Cristo emballe le Centre Pompidou

Pour sa réouverture, le centre Pompidou, à Paris, offre une session de rattrapage. La rétrospective consacrée à Christo, décédé le mois dernier, et à son épouse Jeanne-Claude, doit débuter le 1er juillet prochain. L'exposition devait initialement être visible dès la mi-mars, au moment du confinement. Elle revient sur les années parisiennes du tandem artistique, qui ont constitué la genèse d'une oeuvre majuscule.

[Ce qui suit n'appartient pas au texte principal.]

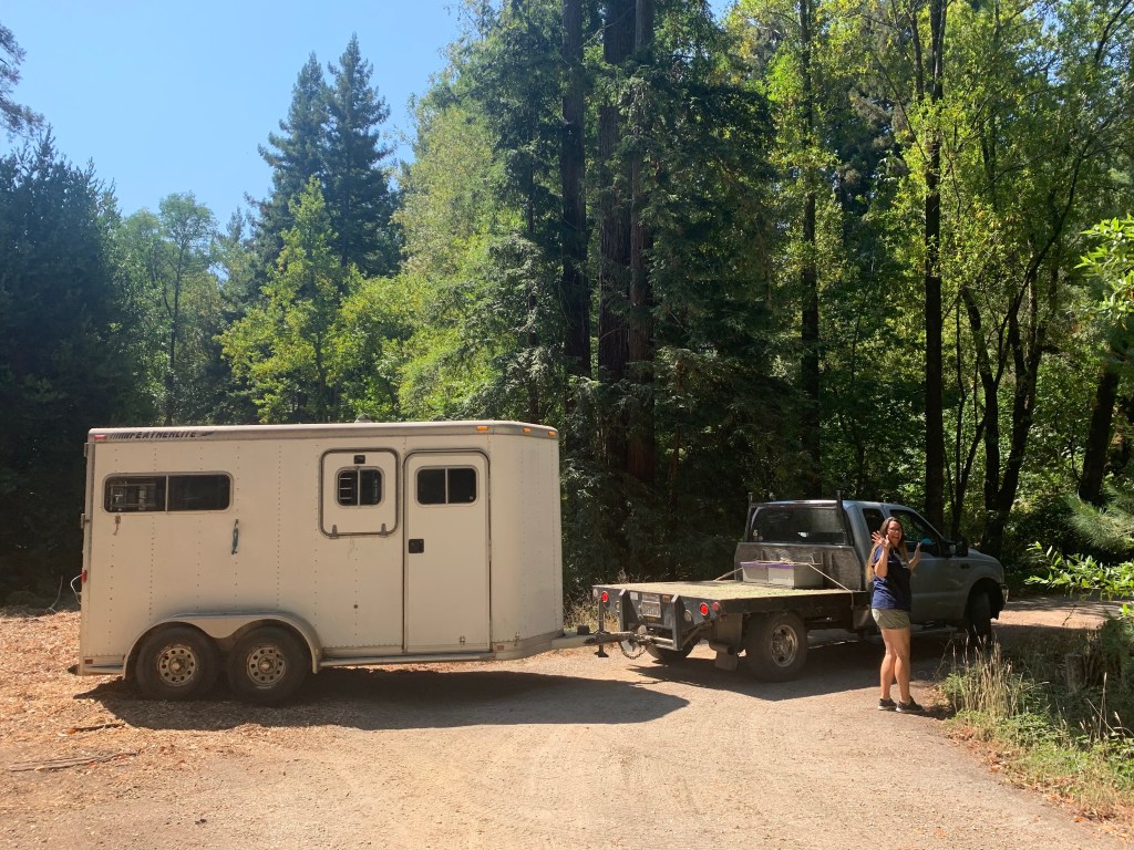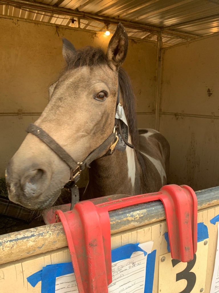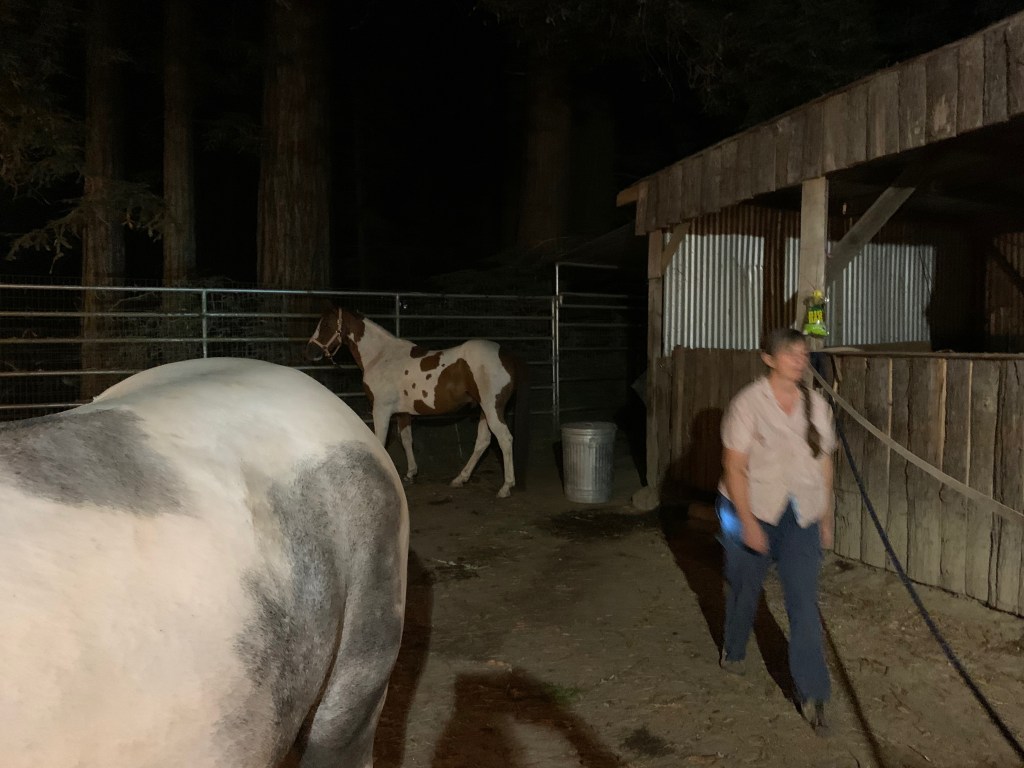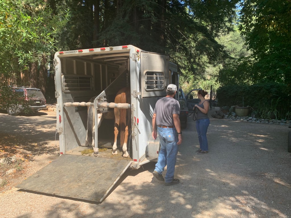 The horses were taken to the Santa Cruz Horsemen’s Association Showgrounds in Felton. Rebekah shared a story that they took off Shasta’s Halter, but it took her and her daughter over 15 minutes to get it back on. She was wondering why he had a halter and lead rope already on him at our home, and she was thankful. So, she duct taped his halter buckle and wrote on it with a sharpie not to remove. That’s Shasta for you!

"Christo, pour moi, c’était un être terriblement attachant", estime Serge Lasvignes, Président du centre Pompidou, "un être unique, un être très spécial, qui avait à la fois une dynamique, une volonté, une ténacité très forte, et en même temps une grande humanité, un grand plaisir de contacts humains. Sa conception de l’emballage comme une manière de nous faire revoir en mieux les choses : je les cache pour qu’on les voie mieux. Et deuxièmement : je m’engage dans une démarche qui est une démarche de sociabilité artistique, c’est-à-dire que ce qui importait à Christo, ce n’était pas seulement le résultat, c’était tout le processus, c’est-à-dire convaincre, discuter, échanger avec les gens".

 

Christo, qui a fui le régime communiste de sa Bulgarie natale, arrive dans la capitale française en 1958, pour y rester six ans, prélude à ses aventures new-yorkaises. C'est ici qu'il se tourne vers l'empaquetage et conçoit déjà des projets monumentaux. Ses installations les plus remarquées comme l'enveloppement du Reichstag, à Berlin, ou encore celui du Pont Neuf à Paris, auront mis des années, voire des décennies à voir le jour, exclusivement financées par la vente de ses oeuvres.